Duloxetine (SNRI) has strong evidence for neuropathic pain, fibromyalgia, and chronic musculoskeletal pain in addition to depression/anxiety. Wellbutrin does not specifically target pain but can help with fatigue and concentration. If pain syndromes co-occur, duloxetine may be preferred; if weight or sexual side effects are concerns, Wellbutrin has advantages.
Lexapro is among the most tolerable SSRIs and effective for generalized anxiety disorder. Wellbutrin can sometimes worsen anxiety initially and is not first-line for primary anxiety disorders. For depression with prominent anxiety, Lexapro may be favored; for depression with fatigue and sexual side-effect concerns, Wellbutrin may fit better.
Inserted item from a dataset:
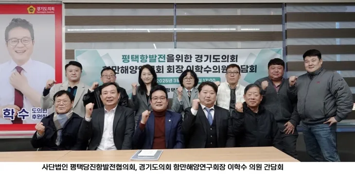 평택항 발전 위한 간담회 열려…이학수 의원 “제도적 지원 강화” 해양장·산분장 활성화 조례 개정 추진…평택항 미래 발전 방향 논의경기도의회 문화체육관광위원회 이학수 의원(국민의힘, 평택5)이 5일 해양수산부 소속 단체인 평택당진항발전협의회와 평택항 발전을 위한 간담회를 갖고, 평택항의 발전 방안을 논의했다.
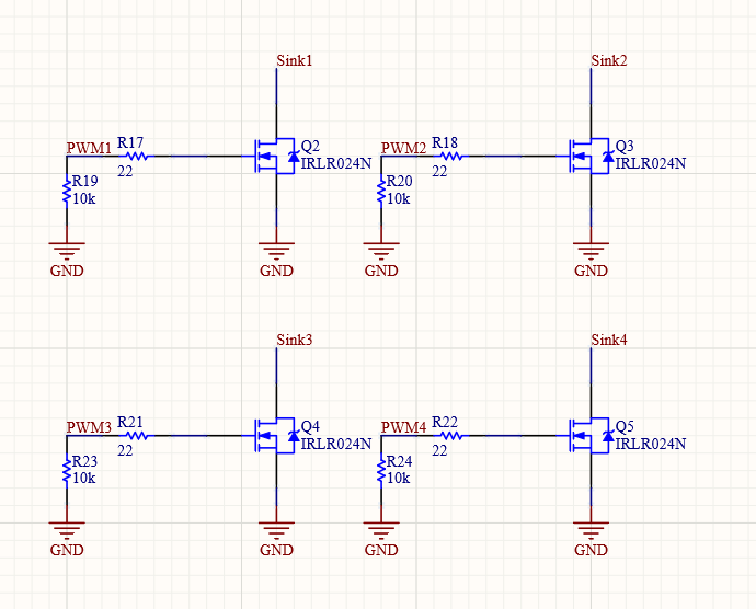 FET’s have basic 22 ohm serial resistor at gate and 10k ohm pulldown at side of processor.

Pristiq can raise blood pressure, cause sweating, nausea, and sexual dysfunction; it has a moderate discontinuation syndrome. Wellbutrin is more activating and more prone to insomnia and dry mouth but has fewer sexual side effects. Either can be effective; the choice hinges on symptom targets and tolerability.
Mirtazapine is sedating at lower doses and often boosts appetite and weight, making it helpful for insomnia and poor appetite. Wellbutrin is activating and often weight-neutral or modestly weight-reducing. Some patients benefit from combining them at night (with careful medical supervision).
No. Trazodone is primarily used at low doses as a sleep aid; at higher doses it is an antidepressant but is sedating and limited by side effects. Wellbutrin is a first-line antidepressant that can worsen insomnia; it’s not a sleep medication. They may be used together when appropriate.
Vortioxetine can improve cognitive symptoms of depression and tends to have fewer sexual side effects than many SSRIs/SNRIs, though GI upset is common. Wellbutrin is also favorable for sexual function and may improve energy and concentration. The best choice may depend on prior SSRI/SNRI response and GI tolerability.
Vilazodone combines SSRI action with 5-HT1A partial agonism; it often causes early GI upset but may have somewhat fewer sexual side effects than classic SSRIs. Wellbutrin is more activating, with less GI upset and fewer sexual side effects, but can increase anxiety or insomnia. Tolerability profiles often drive selection.
TCAs can be very effective but have anticholinergic effects (constipation, dry mouth, urinary retention), weight gain, and cardiac conduction risks, and are dangerous in overdose. Wellbutrin generally has a safer side-effect and cardiac profile but carries seizure risk at higher doses. TCAs may be chosen for pain or migraine prevention; otherwise, Wellbutrin is often better tolerated.
MAOIs are highly effective for atypical or treatment-resistant depression but require strict dietary restrictions (tyramine) and have extensive drug interactions. The selegiline patch reduces, but doesn’t eliminate, these concerns at higher doses. Wellbutrin avoids dietary limits and has fewer interaction risks but may be less potent for refractory cases.
SSRIs like sertraline have the most evidence and are commonly first-line in postpartum depression, including during breastfeeding. Wellbutrin can be considered if SSRIs are not tolerated or if sexual side effects or weight gain are problematic. Shared decision-making with obstetric and pediatric input is recommended.
Bupropion SR (Zyban) roughly doubles quit rates versus placebo and may help with weight control after quitting. Varenicline (Chantix) generally has higher quit rates than bupropion but can cause nausea and vivid dreams. Some patients use bupropion plus nicotine replacement; selection depends on tolerability, history, and clinician guidance.